User hypothesis: if the JSON-shape mismatch is the only blocker, write a shim converting Triplex's triple output into Graphify's schema with a custom prompt. Triplex is marketed as very low-cost/fast (small 3.8B Phi-3 model).

What it would actually take [speculative]:

  1. A model-specific prompt path. Triplex requires its {entity_types}/{predicates} template, not _EXTRACTION_SYSTEM. Graphify currently hard-codes one system prompt; a Triplex adapter needs to inject a different one for that model (or backend).
  2. A model-specific output parser. Convert subjectpredicateobject triples into Graphify's nodes + edges JSON: assign file_type to synthesized nodes, map predicates onto Graphify's fixed relation vocabulary (or accept free-text), synthesize confidence since Triplex emits no EXTRACTED/INFERRED/AMBIGUOUS enum, and reconstruct per-file provenance fields (source_file, source_location).
  3. A new backend/model branch in llm.py. This is not a one-line patch — it is a backend adapter (prompt + parser) of moderate size.

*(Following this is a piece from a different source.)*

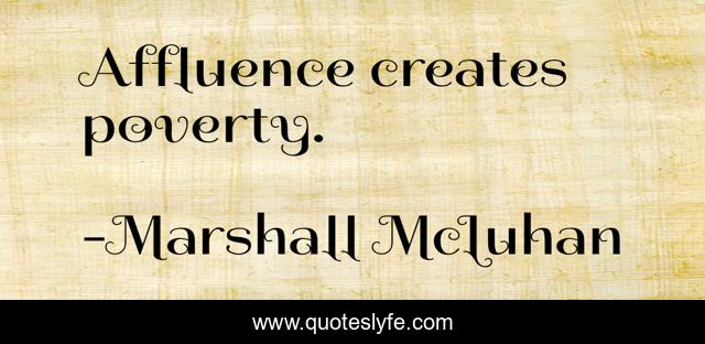 This page presents the quote "Affluence creates poverty.". Author of this quote is Marshall McLuhan. This quote is about creates, poverty, affluence,.
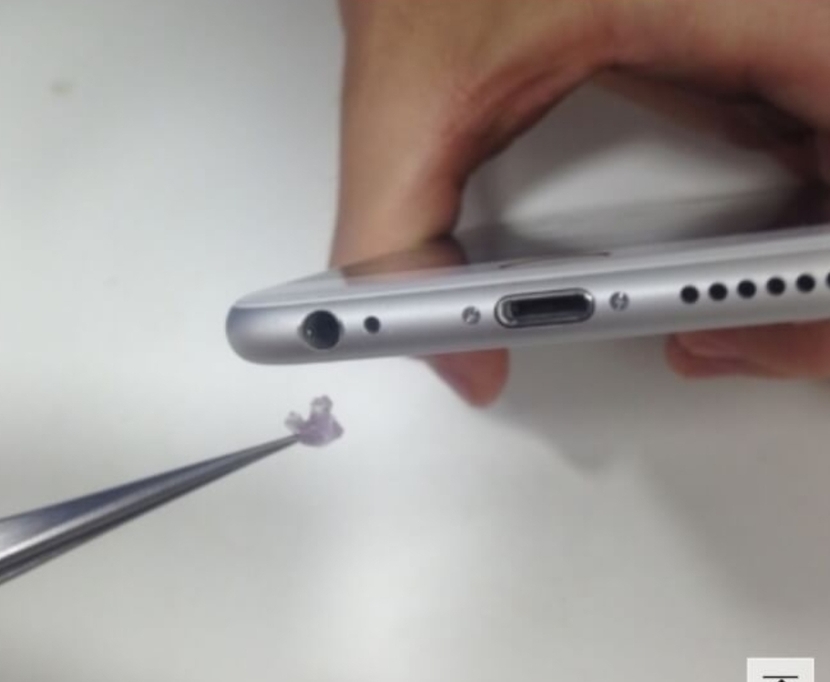 먼저 핀셋을 이용해 충전포트 속의 먼지를 긁어낸다

Architecturally consistent. Graphify already has model-specific branches: the Kimi/moonshot backend sets extra_body={"thinking": {"type": "disabled"}} (llm.py:461-462) [github] to suppress reasoning output. A Triplex adapter follows the same pattern and could in principle be an upstream PR.

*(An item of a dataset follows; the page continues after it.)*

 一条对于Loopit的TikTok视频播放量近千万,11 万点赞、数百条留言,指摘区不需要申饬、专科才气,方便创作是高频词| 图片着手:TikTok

Quality unknowns [speculative]. Triplex targets generic NER + triples. Graphify's design wants typed nodes, a fixed relation vocabulary, EXTRACTED/INFERRED/AMBIGUOUS confidence, and per-file provenance. None of those would be native outputs from Triplex — they'd be synthesized, lowering fidelity compared to a model that follows Graphify's schema directly.

Cost/speed [speculative]. Triplex is plausibly faster per token (3.8B vs 7B), but qwen2.5-coder:7b at Q4 on a 12GB GPU is already rapid. The adapter effort isn't justified unless the default model proves too slow or too heavy for the freshness budget.

Verdict [speculative]: Realistic but moderate effort. Worth it only if: (a) qwen2.5-coder:7b proves too slow or too heavy for the project's freshness budget on the full vault, and (b) a quick Triplex spike shows acceptable triple quality on the vault fixtures. Neither condition is known yet. PARKED — revisit after the qwen2.5-coder:7b benchmark result is in hand.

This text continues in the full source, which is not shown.